** Opening DATASET EXTRACT block **

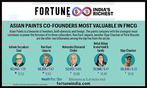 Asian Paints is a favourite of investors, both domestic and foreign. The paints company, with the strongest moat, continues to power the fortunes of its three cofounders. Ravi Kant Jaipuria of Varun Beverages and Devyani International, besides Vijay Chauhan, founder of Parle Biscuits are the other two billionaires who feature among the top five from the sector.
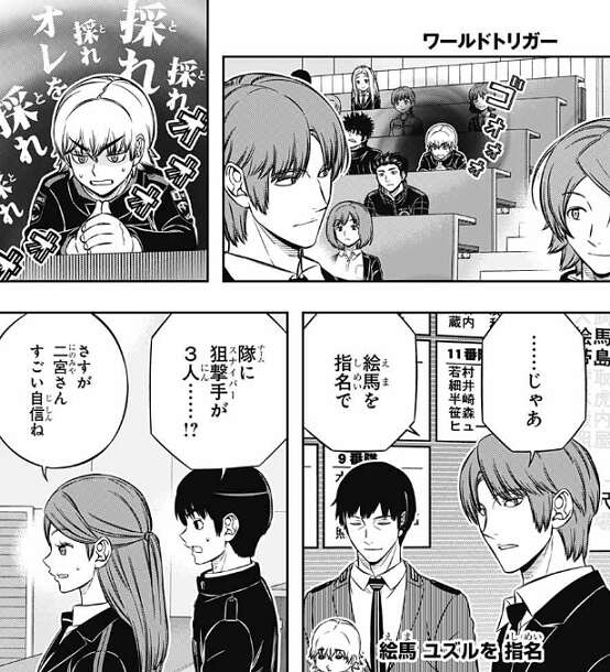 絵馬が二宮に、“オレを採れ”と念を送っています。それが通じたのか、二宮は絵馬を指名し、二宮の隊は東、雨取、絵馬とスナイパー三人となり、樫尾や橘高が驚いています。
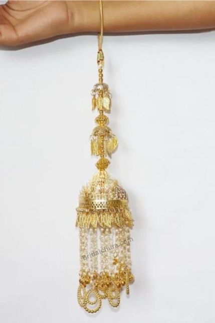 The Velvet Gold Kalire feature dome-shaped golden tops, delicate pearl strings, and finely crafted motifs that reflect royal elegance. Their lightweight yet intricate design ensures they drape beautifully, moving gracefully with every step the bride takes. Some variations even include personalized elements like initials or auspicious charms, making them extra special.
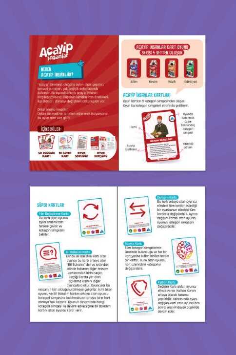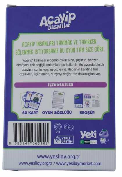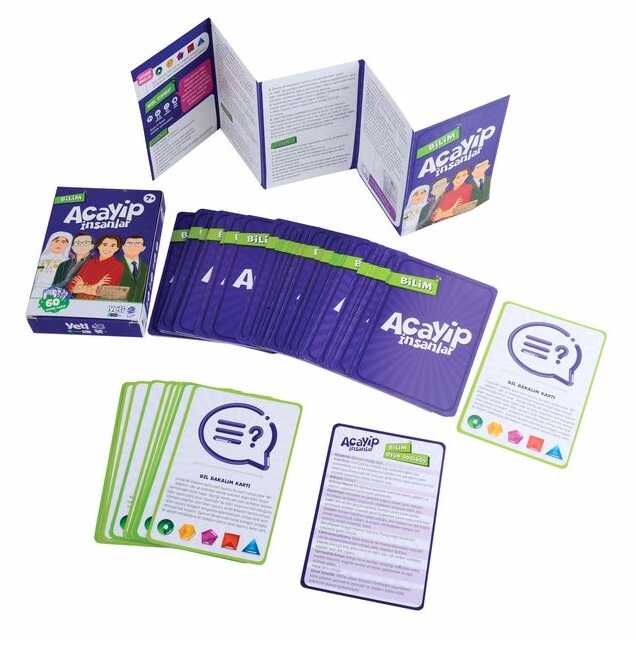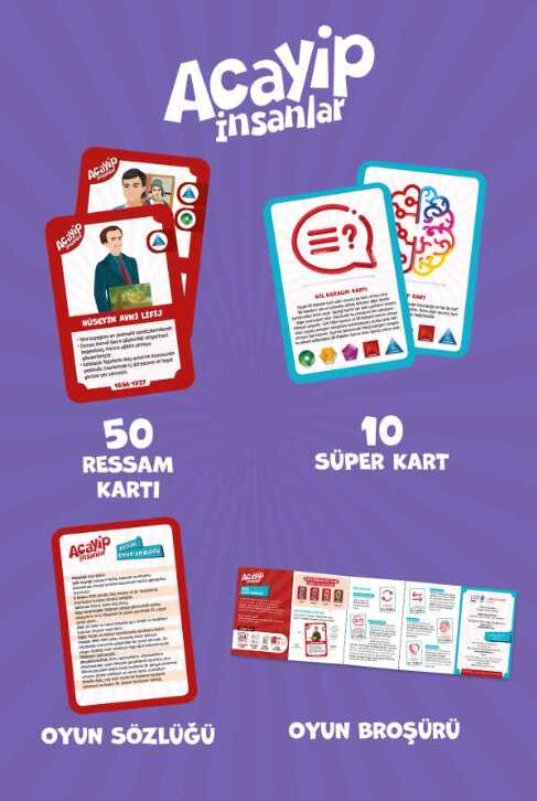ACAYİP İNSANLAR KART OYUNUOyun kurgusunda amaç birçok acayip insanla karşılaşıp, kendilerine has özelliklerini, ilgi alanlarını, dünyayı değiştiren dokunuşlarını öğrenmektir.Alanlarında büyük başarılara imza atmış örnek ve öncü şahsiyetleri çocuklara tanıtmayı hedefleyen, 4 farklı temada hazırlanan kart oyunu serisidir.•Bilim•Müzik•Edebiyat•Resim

** Closing DATASET EXTRACT block **

=== YOUR OBJECTIVE ===
Output the data above exactly, excluding images.

=== FINISHED TASK ===
 Asian Paints is a favourite of investors, both domestic and foreign. The paints company, with the strongest moat, continues to power the fortunes of its three cofounders. Ravi Kant Jaipuria of Varun Beverages and Devyani International, besides Vijay Chauhan, founder of Parle Biscuits are the other two billionaires who feature among the top five from the sector.
 絵馬が二宮に、“オレを採れ”と念を送っています。それが通じたのか、二宮は絵馬を指名し、二宮の隊は東、雨取、絵馬とスナイパー三人となり、樫尾や橘高が驚いています。
 The Velvet Gold Kalire feature dome-shaped golden tops, delicate pearl strings, and finely crafted motifs that reflect royal elegance. Their lightweight yet intricate design ensures they drape beautifully, moving gracefully with every step the bride takes. Some variations even include personalized elements like initials or auspicious charms, making them extra special.
ACAYİP İNSANLAR KART OYUNUOyun kurgusunda amaç birçok acayip insanla karşılaşıp, kendilerine has özelliklerini, ilgi alanlarını, dünyayı değiştiren dokunuşlarını öğrenmektir.Alanlarında büyük başarılara imza atmış örnek ve öncü şahsiyetleri çocuklara tanıtmayı hedefleyen, 4 farklı temada hazırlanan kart oyunu serisidir.•Bilim•Müzik•Edebiyat•Resim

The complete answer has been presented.